Suddenly going deaf in one of your ears is enough to send any musician or engineer into a brief existential crisis. You can console yourself for a moment, remembering that hey, this kind of thing didn’t stop Brian Wilson or Beethoven. That is, until the far more realistic thought sets in: You’re not Beethoven.
The Leading Cause of Temporary Hearing Loss
Like many musicians, engineers and other freelancers, I’m one of the 60 million Americans who lack access to affordable health insurance. This means that when I’m stricken with some kind of unknown ailment, I tend to run to Google instead of my doctor, since I do not have a doctor.
While I’ve been able to heal myself of two slipped spinal discs and an abdominal hernia using corrective exercises and remedies found online, I still don’t recommend this method to anyone, including you. It’s likely that you’re out of your element when it comes to medicine, just like I am, and trust me, I know firsthand that self-diagnosis is no replacement for a physician’s care.

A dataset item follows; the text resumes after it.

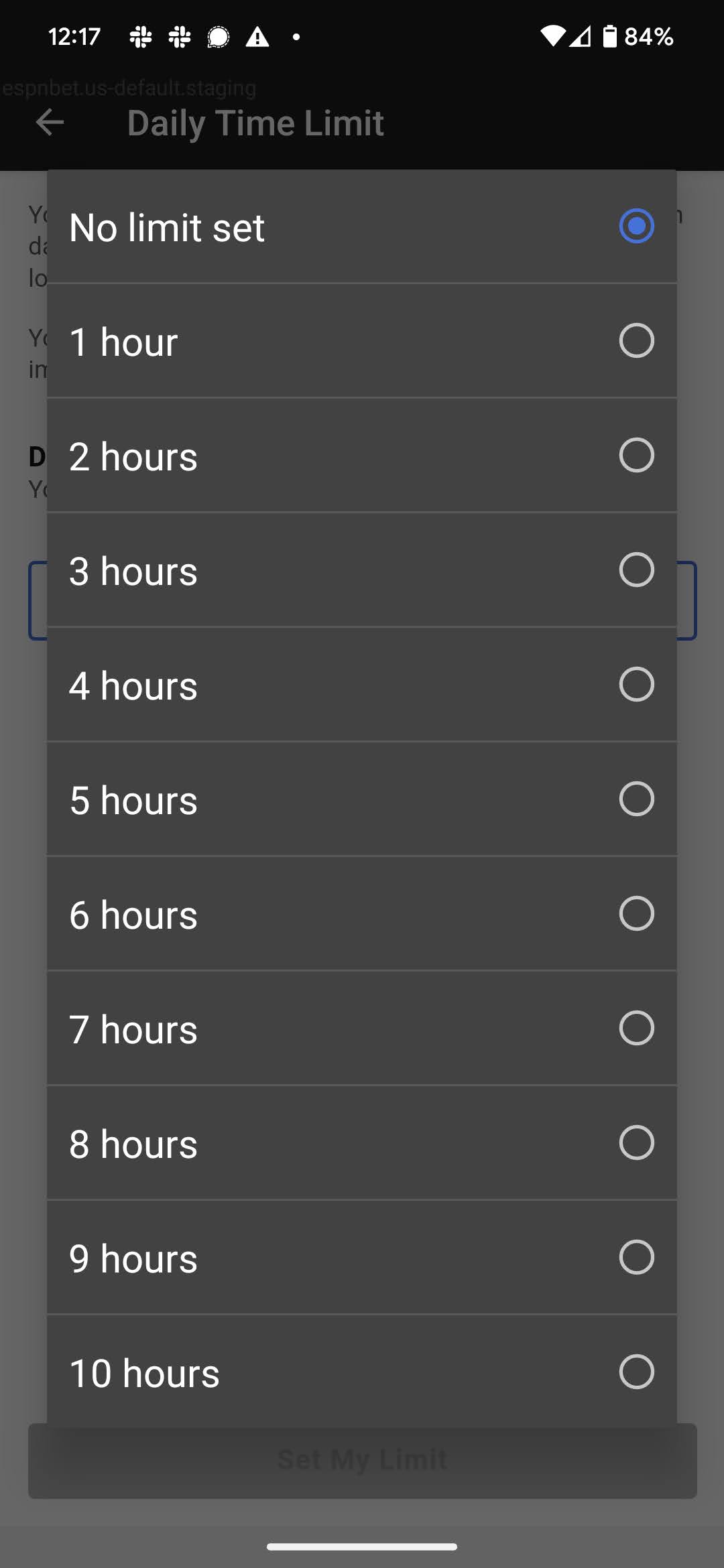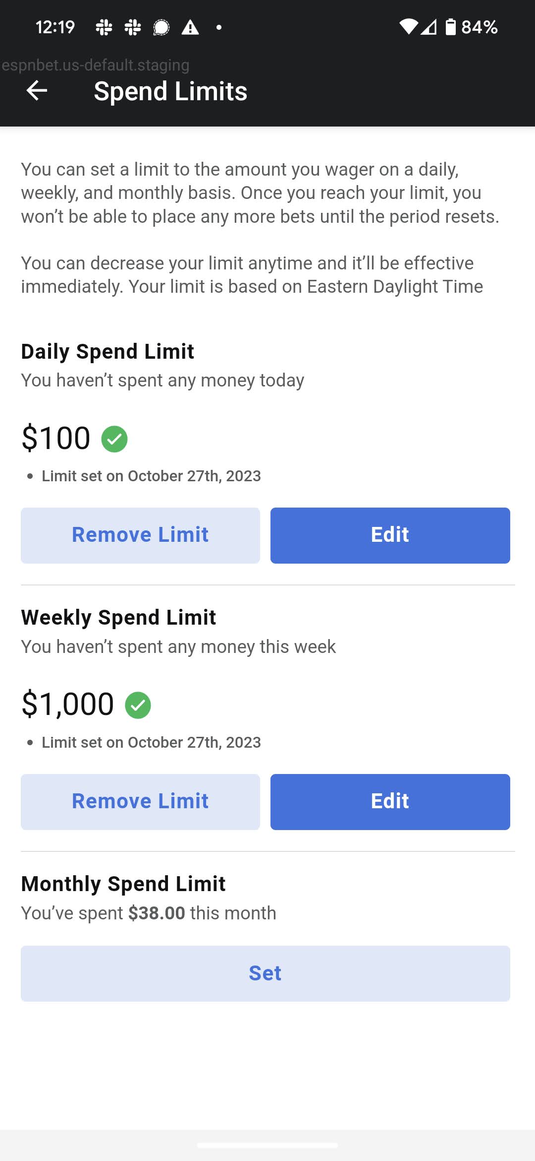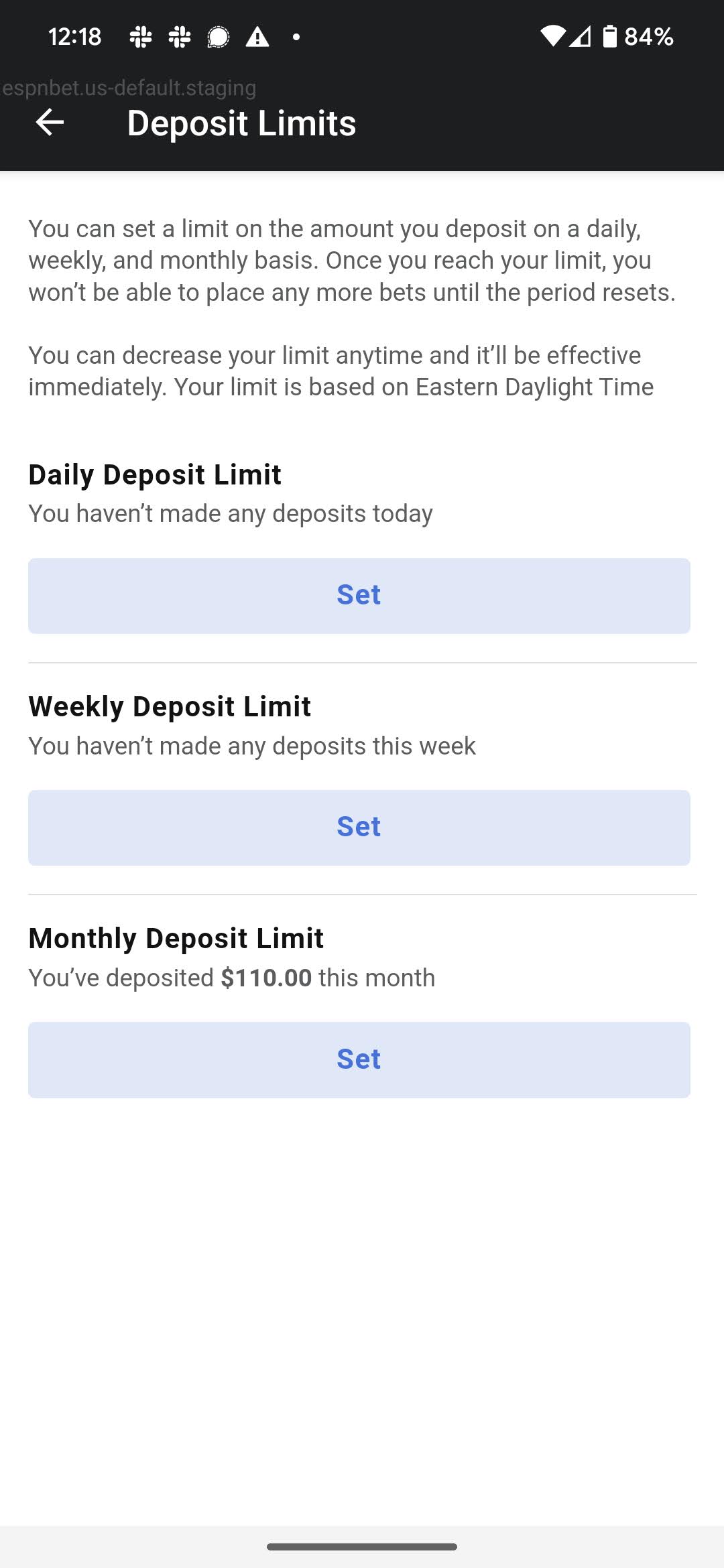 Daily Time Limit - Set a limit on the amount of time you spend on ESPN BET and Hollywood Casino per day. Once you hit your self-imposed daily time limit, you will be logged out and will no longer have access to ESPN BET and Hollywood Casino until it resets the following day.
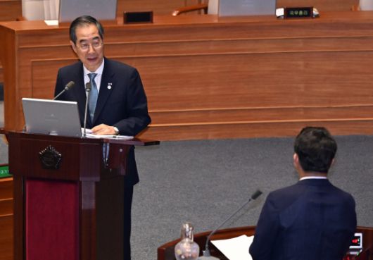 한덕수 국무총리가 13일 서울 여의도 국회 본회의장에서 열린 경제 분야 대정부질문에서 윤상현 국민의힘 의원 질문에 답하고 있다. 2023.6.13 안주영 전문기자 |

With that said, we can talk about something that’s arguably even more important than cure: prevention.
Swimmer’s Ear
As I continued my walk, I tugged downwards on my earlobe and was thankful to find that my hearing returned for a moment. As I released my ear, the canal closed up again and the hearing in my right ear was again reduced to a dull, pillowy murmur.
Because I’m a giant idiot, I decided to try something that each one of my sources would eventually confirm as being a very dumb thing to do.
Like so many similarly soft-headed morons around the country, I assumed the obstruction was due “too much wax” and grabbed the first thing I could think of to help me remove it. Even the Q-Tip package could have told me what I was about to do was wrong: “Not for use inside the ears.”
This is because what I experienced, along with more than 2.1 million other Americans each year, was not a foreign obstruction or what’s commonly mistaken for an undue buildup of ear wax. Rather, what took out my right ear for a good 24 hours was a condition that’s among the leading causes for temporary hearing loss in the U.S., especially in the summer months: “Swimmer’s Ear.”
This is a condition that’s so common, but so surprising to many of us, that it accounts for up to 40% of all the emergency room visits in southern states, where it’s most prevalent.
Here in the Northeast, where the condition is less common, Swimmer’s Ear still accounts for nearly 20% of all of our total emergency room visits. This is a staggering figure that is estimated to cost our healthcare system nearly $500 million each year.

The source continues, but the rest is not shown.